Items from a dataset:
↓
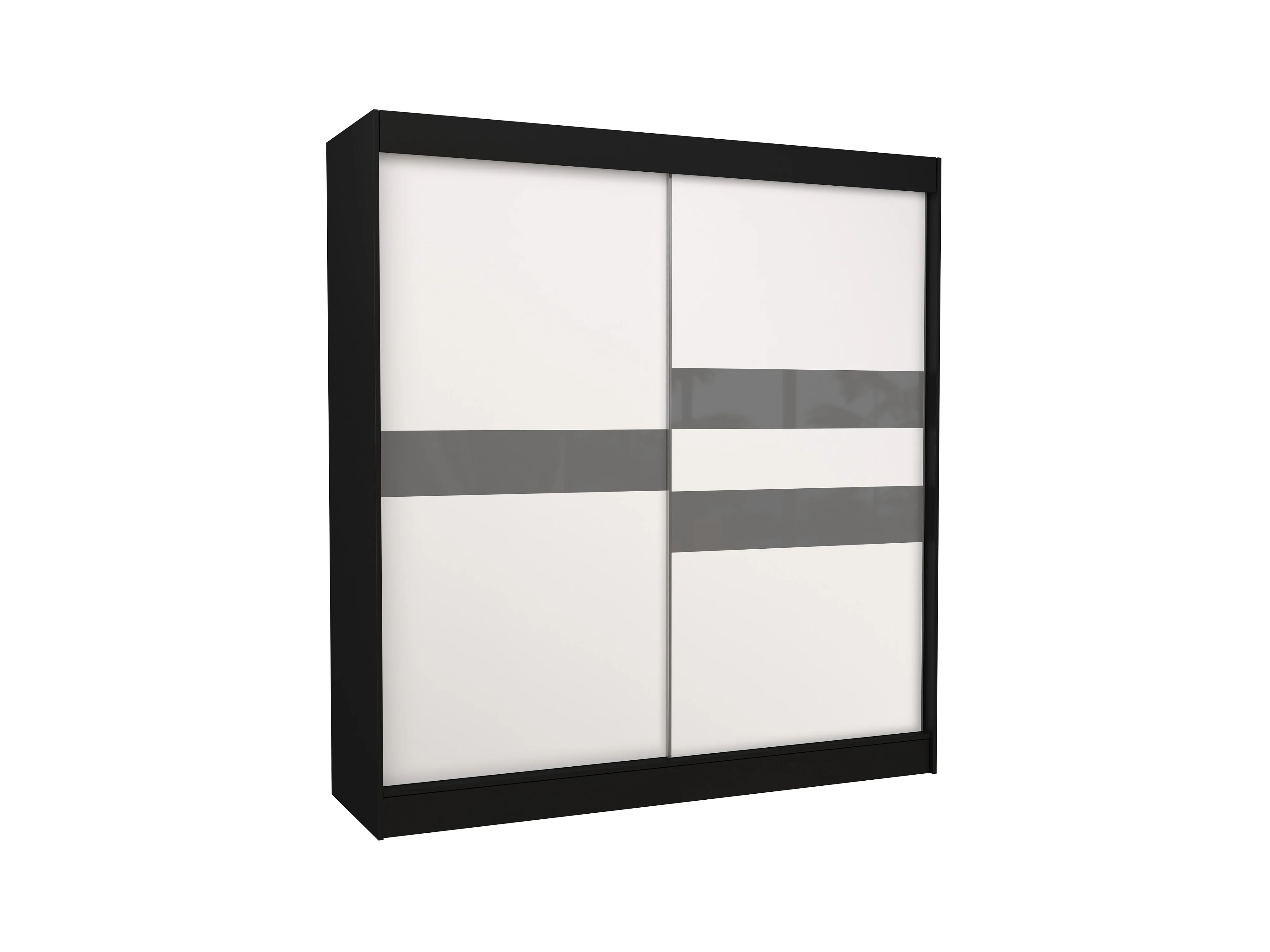 Armoire de chambre à portes coulissantes bois blanc mat et noir laqué Karola - 3 tailles-Largeur 150 cm
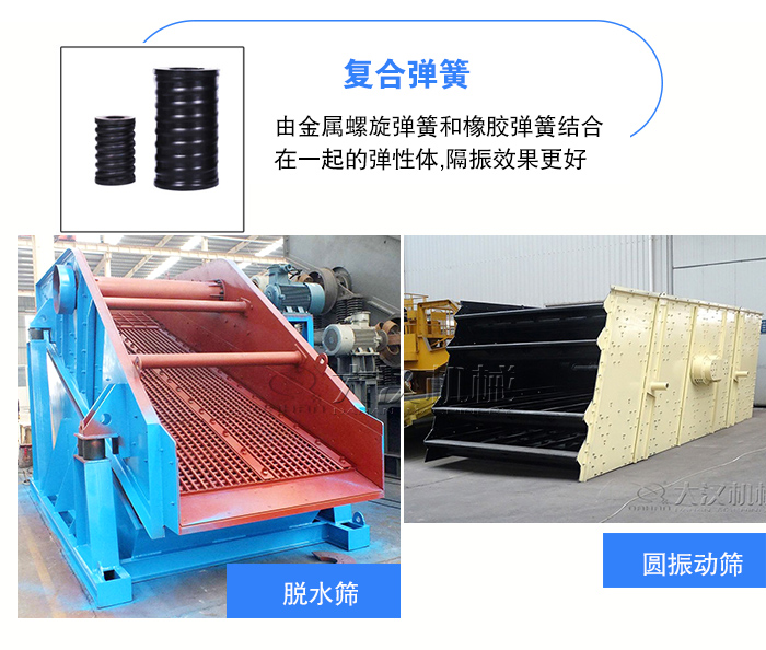 復合彈簧是由金屬螺旋彈簧和橡膠彈簧結合在一起的彈性體,集金屬彈簧和橡膠彈簧的優(yōu)點于一體,并克服兩者的缺點,隔振效果更好,適用于礦山、冶金、煤炭等行業(yè)的大型振動設備,如圓振動篩,脫水篩設備中。
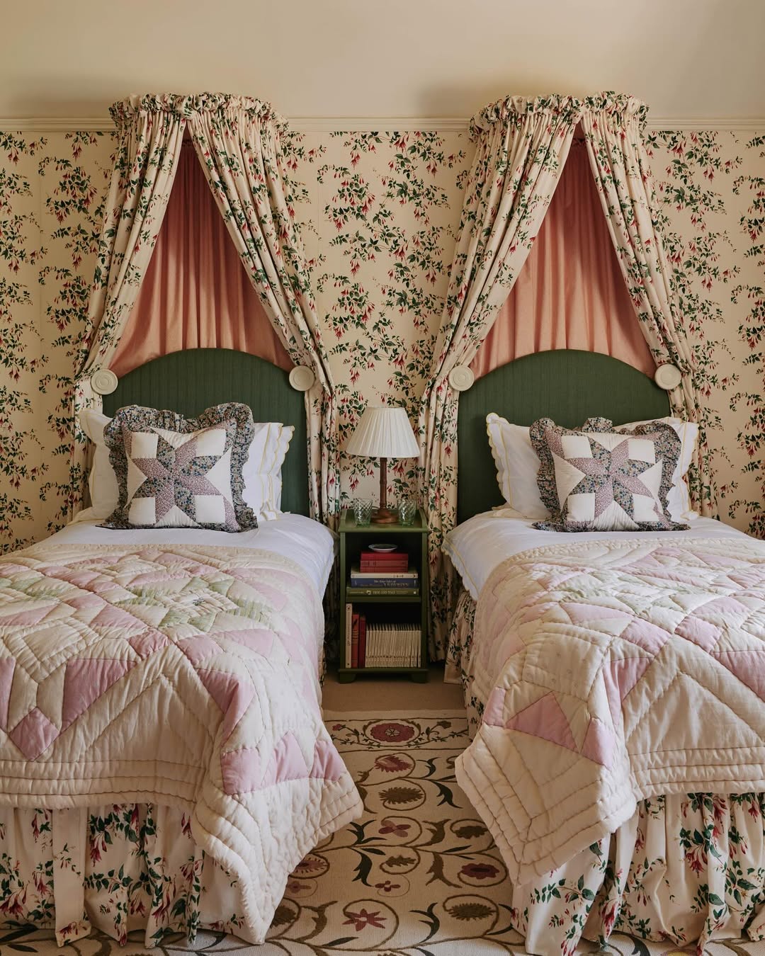Canopied headboards and scalloped curtains frame each bed like a page out of a vintage storybook. Starburst quilts and floral bedskirts bring in a layer of handmade sweetness. That shared green nightstand adds just the right amount of symmetry. Everything’s doubled, yet nothing feels too matchy-matchy.
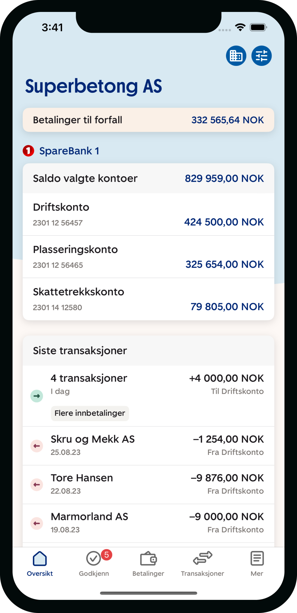 • full oversikt over inn- og utbetalinger, og hvor mye som ligger til forfall.
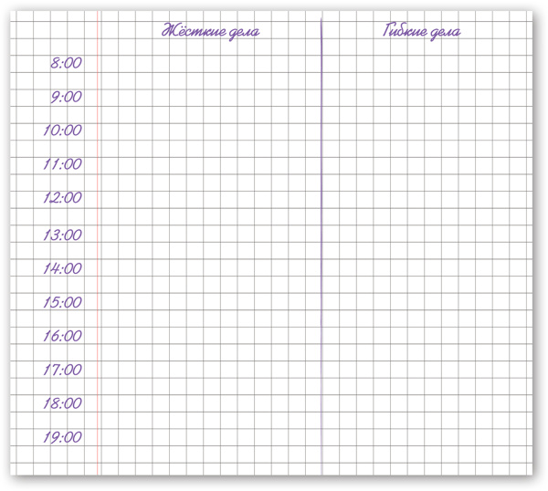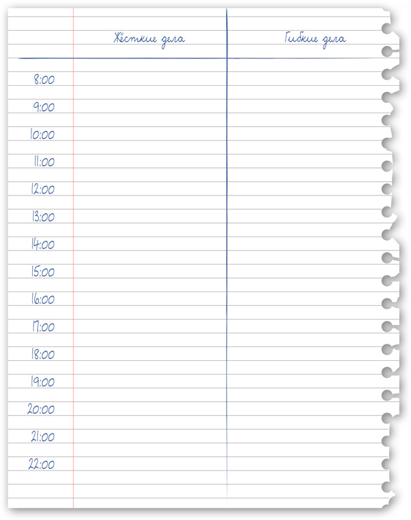На следующей странице ты видишь тетрадный листок, разделенный пополам. Составь список дел на завтра. Укажи слева жёсткие дела, а справа гибкие. Гибкие дела записывай с учётом их приоритета. Успехов!
↑
**What is expected**
From the line holding "ligger til forfall." to the final line of the data above, give each line again exactly, both ends included, and drop the pictures.

**The completed task**
 • full oversikt over inn- og utbetalinger, og hvor mye som ligger til forfall.
На следующей странице ты видишь тетрадный листок, разделенный пополам. Составь список дел на завтра. Укажи слева жёсткие дела, а справа гибкие. Гибкие дела записывай с учётом их приоритета. Успехов!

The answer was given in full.